4. Test the deployed model, also called a web service.
5. Consume the model using Power BI

In [1]:
from azureml.core import Workspace
from azureml.core.compute import AksCompute, ComputeTarget
from azureml.core.webservice import Webservice, AksWebservice
from azureml.core.model import Model

In [2]:
import azureml.core
print(azureml.core.VERSION)

1.4.0


# Get workspace
Load existing workspace from the config file info.

In [3]:
from azureml.core import Workspace, Dataset
from azureml.core.authentication import InteractiveLoginAuthentication

interactive_auth = InteractiveLoginAuthentication(tenant_id="19479f88-8eac-45d2-a1bf-69d33854a3fa")
# Get Workspace defined in by default config.json file
# ws = Workspace.from_config()
ws = Workspace(subscription_id="5e22d967-997b-49c7-8ca1-7ccfbf37e621",
               resource_group="rg-cbui-course532",
               workspace_name="amlwksphol",
               auth=interactive_auth)
print(ws.name, ws.resource_group, ws.location, ws.subscription_id, sep = '\n')

amlwksphol
rg-cbui-course532
westus
5e22d967-997b-49c7-8ca1-7ccfbf37e621


# Register the model
Register an existing trained model, add description and tags.

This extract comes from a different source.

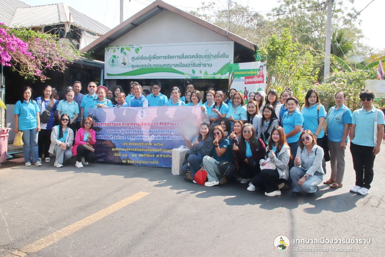 วันที่ 21 กุมภาพันธ์ 2568 เวลา 09.00 น. ณ ศูนย์เรียนรู้เพื่อการจัดการสิ่งแวดล้อมอย่างยั่งยืน ชุมชนชลประทาน นายจีระชัย ไกรกังวาร นายกเทศมนตรี ได้มอบหมายให้ นายบุญยง จินตนะกุล รองนายกเทศมนตรี พร้อมด้วย หัวหน้าส่วนการงานเทศบาลเมืองวารินชำราบ และคณะทำงานศูนย์การเรียนรู้ฯ ชุมชนชลประทาน ให้การต้อนรับคณะผู้บริหาร สมาชิกสภาองค์การบริหารส่วนตำบล หัวหน้าส่วนการงาน พนักงาน จากองค์การบริหารส่วนตำบลนิคมสร้างตนเอง อำเภอพิมาย จังหวัดนครราชสีมา นำโดยนายบุญชู ศรีโพธิ์ นายกองค์การบริหารส่วนตำบลนิคมสร้างตนเอง ในการศึกษาดูงานด้านการบริหารจัดการขยะภายในชุมชนของชุมชนชลประทาน ซึ่งเป็นชุมชนต้นแบบในเขตเทศบาลเมืองวารินชำราบที่ประสบความสำเร็จในการลดปริมาณขยะภายในชุมชน ภายใต้การทำกิจกรรมโครงการชุมชนปลอดขยะ Zero Waste ด้วยการนำขยะมารีไซเคิลผลิตเป็นสิ่งของเครื่องใช้ต่างๆ อาทิ ถังขยะลดโลกร้อน,ไม้กวาดจากขวดพลาสติก, เสื่อจากถุงพลาสติก, ผ้ากันเปื้อนจากป้ายไวนิล, เตาชีวมวลจากหม้อหุงข้าวที่ไม่ใช้แล้ว เป็นต้น

This is the model you've already trained using manual training or using [Automated Machine Learning](https://docs.microsoft.com/en-us/azure/machine-learning/service/how-to-create-portal-experiments).

In the code snippet below we're using the already trained model `original_model.pkl` that is saved in the folder that contains this notebook. We're registering this model with the name `IBM-attrition-model`. Later on we will use the same name in the scoring script.

In [5]:
#Register the model
from azureml.core.model import Model

# if the model is already registered as part of training then uncomment the line below. Make sure model is registered with the name "IBM_attrition_model"
# attrition_model = Model(ws, 'IBM_attrition_model')

# if the model is not already registered as part of training register the original_model.pkl file provided in the same folder as this notebook
model = Model.register(model_path = "model.pkl", # this points to a local file
                       model_name = "attrition_model", # this is the name the model is registered as
                       tags = {'area': "HR", 'type': "attrition"},
                       description = "Attrition model to understand attrition risk",
                       workspace = ws)

print(model.name, model.description, model.version)

Registering model attrition_model
attrition_model Attrition model to understand attrition risk 1


# Prepare to deploy

To deploy the model, you need the following items:

- **An entry script**, this script accepts requests, scores the requests by using the model, and returns the results.
- **Dependencies**, like helper scripts or Python/Conda packages required to run the entry script or model.
- **The deployment configuration** for the compute target that hosts the deployed model. This configuration describes things like memory and CPU requirements needed to run the model.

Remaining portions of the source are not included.